WHAT NEEDS TO BE DONE >>
Please copy all of the data that follows exactly, leaving any pictures out.

COLLECTED MATERIAL >>
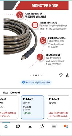 Simpson Cleaning 41030 Monster Series 4500 PSI Pressure Washer Hose, Cold Water Use, 3/8 Inch by 100 Feet, 100-Foot, Brown$120Phoenix, AZ
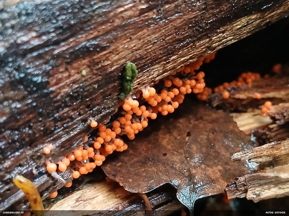 Paldies, Iveta! Julita, kā redzi – nevis dzīvs, bet tikai pusdzīvs ;) Par atrašanu – joprojām darbojos pēc principa bez piecām/sešām atrastām sugām no 250x250 m kvadrāta ārā neiet. Ja nav kritalu – rāpoju pa sūnām. Šis bija viens no kvadrātiem bez sugām, izvēlējos kritalu, tā bija patukša, blakus kritalai pamanīju šīs gļotsēnes. Beigās šajā vietā esmu iesprūdis, būs vēl daži interesanti atradumi. Tik jāatrod laiks mikroskopēšanai, sugu noteikšanai un salikšanai DD. Laika kā reiz šobrīd ļoti maz un brīvajos brīžos drīzāk gribas atkal aizskriet uz savu sūnu pleķi :) Par nosaukumu – domāju, ka rīkojamies līdzīgi kā ar Tavu Diachea (bij. Craterium) muscorum – tā kā šai sugai mums nav iegājies krāterītes nosaukums, saucam par vizulīti. Kaut, piekrītu, drīzāk izskatās pēc krāterītes.
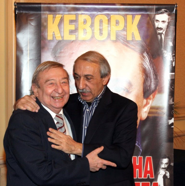 Кеворк Кеворкян (вдясно) и актьорът Никола Анастасов на премиерата на новата книга на Кеворкян - "Тайните на телевизията" на 16 декември 2009 г. в столичния хотел "Шератон". Снимка: Георги Георгиев/Архив на БТА

RESPONSE TO THIS EXERCISE >>
 Simpson Cleaning 41030 Monster Series 4500 PSI Pressure Washer Hose, Cold Water Use, 3/8 Inch by 100 Feet, 100-Foot, Brown$120Phoenix, AZ
 Paldies, Iveta! Julita, kā redzi – nevis dzīvs, bet tikai pusdzīvs ;) Par atrašanu – joprojām darbojos pēc principa bez piecām/sešām atrastām sugām no 250x250 m kvadrāta ārā neiet. Ja nav kritalu – rāpoju pa sūnām. Šis bija viens no kvadrātiem bez sugām, izvēlējos kritalu, tā bija patukša, blakus kritalai pamanīju šīs gļotsēnes. Beigās šajā vietā esmu iesprūdis, būs vēl daži interesanti atradumi. Tik jāatrod laiks mikroskopēšanai, sugu noteikšanai un salikšanai DD. Laika kā reiz šobrīd ļoti maz un brīvajos brīžos drīzāk gribas atkal aizskriet uz savu sūnu pleķi :) Par nosaukumu – domāju, ka rīkojamies līdzīgi kā ar Tavu Diachea (bij. Craterium) muscorum – tā kā šai sugai mums nav iegājies krāterītes nosaukums, saucam par vizulīti. Kaut, piekrītu, drīzāk izskatās pēc krāterītes.
 Кеворк Кеворкян (вдясно) и актьорът Никола Анастасов на премиерата на новата книга на Кеворкян - "Тайните на телевизията" на 16 декември 2009 г. в столичния хотел "Шератон". Снимка: Георги Георгиев/Архив на БТА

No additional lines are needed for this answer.